No sacred cows in county budget

Law enforcement is vital to the public’s sense of security, not to mention in those hopefully rare occasions when an individual actually needs an officer at a moment’s notice. And a county fair is important for its own unique reasons.

Law enforcement is vital to the public’s sense of security, not to mention in those hopefully rare occasions when an individual actually needs an officer at a moment’s notice. And a county fair is important for its own unique reasons.

Those were two of the many budgetary conundrums that King County’s elected officials and their constituents faced when a spending plan for county government in 2009 was being cobbled together the last few months. With a projected $93 million budget deficit looming, County Executive Ron Sims called for deep cuts in funding for the county’s criminal justice system, health services and even the King County Fair.

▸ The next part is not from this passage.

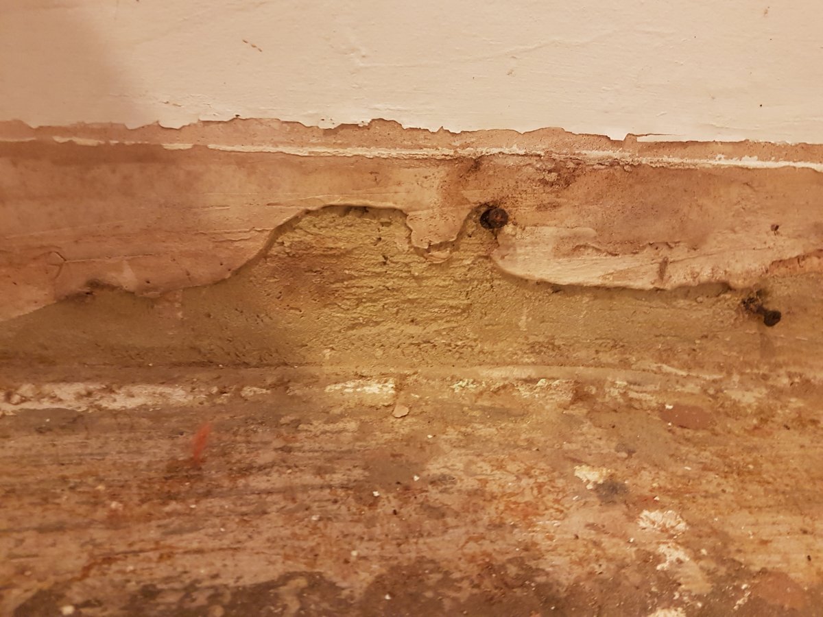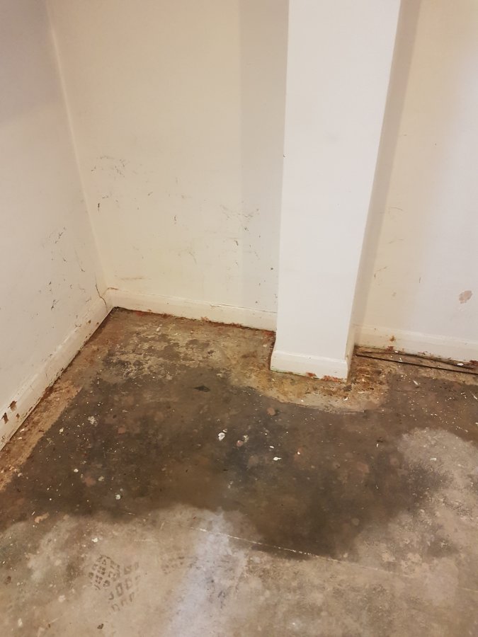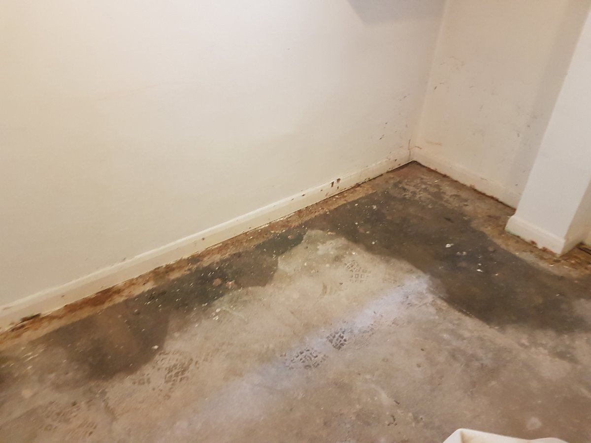 I have a basement which is below ground level on the 2 external walls. These walls were re-tanked about 15 years ago and no obvious moisture has come in since then. After having a musty, damp smell I lifted the carpets and there are now damp patches on the concrete floor ( please see pics ). I have put a damp meter on the 'dry' spots on the floor well away from the walls and the meter still shows dampness, and where the obvious damp patches are next the the outside walls damp is showing on the meter up to about 30cm above floor level, but not much above that. The property was built in about 1900. Any advice o how to treat this problem, I was wondering whether trying the concrete with a de-humidifier first then applying something like https://www.kingfisheruk.com/epoxy_primer-item-70 would help?

The fiscal surgery brought cries of anguish across the board, and rightly so. But eventually the reductions of manpower and services in law enforcement were minimized, among other final tweaking of the budget approved by the County Council. That’s some relief for citizens of Covington and Maple Valley, whose cities contract with the county for police protection.

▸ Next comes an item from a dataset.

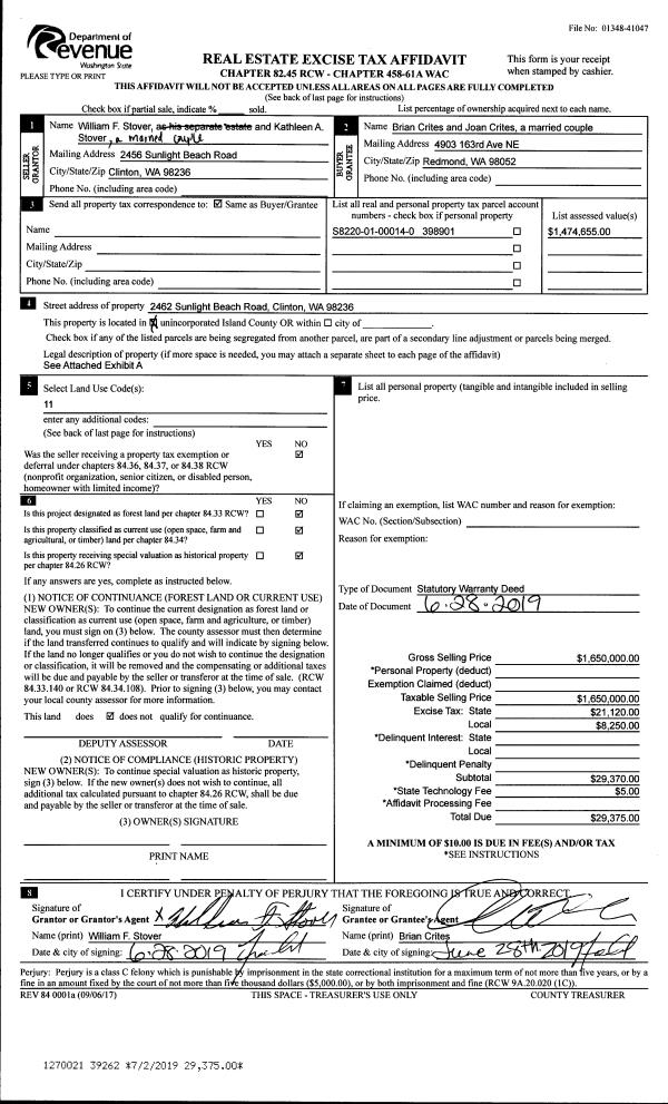| Mailing Address: | REED TACIA SYLVIA TACIA PO BOX 778 OAK HARBOR, WA 98277 | % Ownership: | 100.0000000000% |

The fair survived, too, despite Sims’ staunch assertion that it should be canceled. He reasoned the county shouldn’t keep subsidizing it (to the tune of $318,000, the amount allocated this year and again for next year) when people stay away from it in droves and the county is struggling to pay for critical public needs such as law enforcement.

It’s questionable if the 145-year-old fair really was in danger of vanishing. In past years’ budget-setting, county officials have drawn a bead on – but spared – other county-funded icons such as the world-class competitive swimming pool in Federal Way. But if the Sheriff Department can suffer budget cuts, nothing is sacred. And as county officials roundly warn, 2009 won’t be the last year that the paring knife will be sharpened.